Return the listing exactly. Keep no pictures.

THE DATA ▸
Start of Block

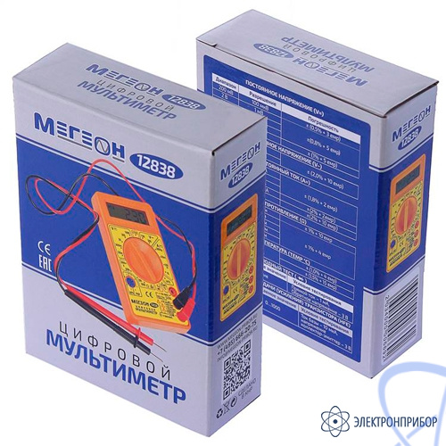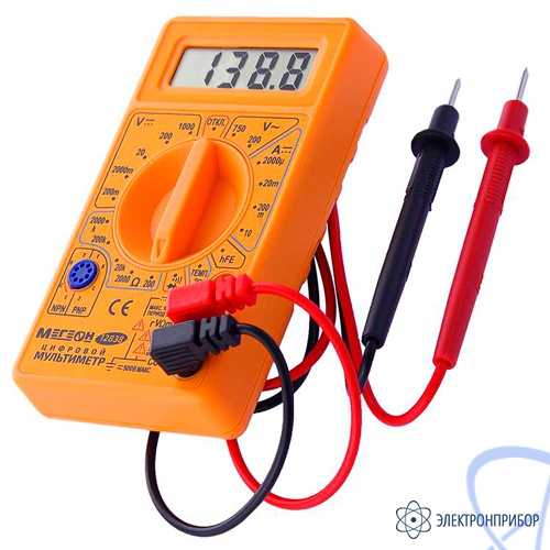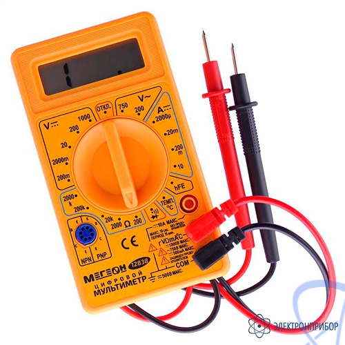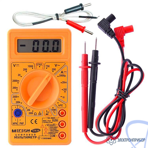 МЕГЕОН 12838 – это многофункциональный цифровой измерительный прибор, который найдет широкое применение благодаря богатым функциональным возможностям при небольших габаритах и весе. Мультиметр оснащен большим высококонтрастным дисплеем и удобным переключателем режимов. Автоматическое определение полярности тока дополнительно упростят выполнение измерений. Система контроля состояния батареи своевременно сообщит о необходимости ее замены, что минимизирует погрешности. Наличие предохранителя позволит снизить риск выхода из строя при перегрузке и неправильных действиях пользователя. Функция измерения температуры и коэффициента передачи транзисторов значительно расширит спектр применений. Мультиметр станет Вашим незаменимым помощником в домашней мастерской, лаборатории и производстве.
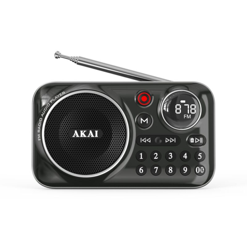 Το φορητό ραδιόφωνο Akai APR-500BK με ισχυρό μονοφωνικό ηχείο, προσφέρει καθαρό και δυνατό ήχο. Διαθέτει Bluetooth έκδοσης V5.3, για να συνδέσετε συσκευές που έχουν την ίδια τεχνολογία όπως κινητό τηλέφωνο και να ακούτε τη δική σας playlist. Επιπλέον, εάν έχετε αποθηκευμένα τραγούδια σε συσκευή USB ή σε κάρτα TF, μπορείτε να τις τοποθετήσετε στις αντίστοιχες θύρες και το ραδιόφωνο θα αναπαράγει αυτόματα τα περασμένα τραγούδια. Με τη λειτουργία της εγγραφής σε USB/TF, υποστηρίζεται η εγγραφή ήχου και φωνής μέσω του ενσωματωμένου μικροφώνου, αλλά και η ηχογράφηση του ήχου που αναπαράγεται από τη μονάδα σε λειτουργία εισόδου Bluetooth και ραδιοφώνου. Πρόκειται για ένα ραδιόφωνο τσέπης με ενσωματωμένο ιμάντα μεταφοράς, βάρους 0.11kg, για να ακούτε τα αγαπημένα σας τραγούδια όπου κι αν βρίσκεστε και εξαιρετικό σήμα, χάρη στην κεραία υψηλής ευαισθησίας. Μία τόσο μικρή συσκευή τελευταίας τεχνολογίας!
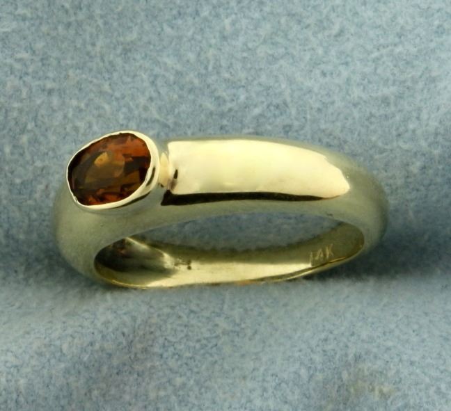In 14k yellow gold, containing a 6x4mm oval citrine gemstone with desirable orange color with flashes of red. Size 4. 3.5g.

End of Block

ANSWER SECTION ▸
 МЕГЕОН 12838 – это многофункциональный цифровой измерительный прибор, который найдет широкое применение благодаря богатым функциональным возможностям при небольших габаритах и весе. Мультиметр оснащен большим высококонтрастным дисплеем и удобным переключателем режимов. Автоматическое определение полярности тока дополнительно упростят выполнение измерений. Система контроля состояния батареи своевременно сообщит о необходимости ее замены, что минимизирует погрешности. Наличие предохранителя позволит снизить риск выхода из строя при перегрузке и неправильных действиях пользователя. Функция измерения температуры и коэффициента передачи транзисторов значительно расширит спектр применений. Мультиметр станет Вашим незаменимым помощником в домашней мастерской, лаборатории и производстве.
 Το φορητό ραδιόφωνο Akai APR-500BK με ισχυρό μονοφωνικό ηχείο, προσφέρει καθαρό και δυνατό ήχο. Διαθέτει Bluetooth έκδοσης V5.3, για να συνδέσετε συσκευές που έχουν την ίδια τεχνολογία όπως κινητό τηλέφωνο και να ακούτε τη δική σας playlist. Επιπλέον, εάν έχετε αποθηκευμένα τραγούδια σε συσκευή USB ή σε κάρτα TF, μπορείτε να τις τοποθετήσετε στις αντίστοιχες θύρες και το ραδιόφωνο θα αναπαράγει αυτόματα τα περασμένα τραγούδια. Με τη λειτουργία της εγγραφής σε USB/TF, υποστηρίζεται η εγγραφή ήχου και φωνής μέσω του ενσωματωμένου μικροφώνου, αλλά και η ηχογράφηση του ήχου που αναπαράγεται από τη μονάδα σε λειτουργία εισόδου Bluetooth και ραδιοφώνου. Πρόκειται για ένα ραδιόφωνο τσέπης με ενσωματωμένο ιμάντα μεταφοράς, βάρους 0.11kg, για να ακούτε τα αγαπημένα σας τραγούδια όπου κι αν βρίσκεστε και εξαιρετικό σήμα, χάρη στην κεραία υψηλής ευαισθησίας. Μία τόσο μικρή συσκευή τελευταίας τεχνολογίας!
In 14k yellow gold, containing a 6x4mm oval citrine gemstone with desirable orange color with flashes of red. Size 4. 3.5g.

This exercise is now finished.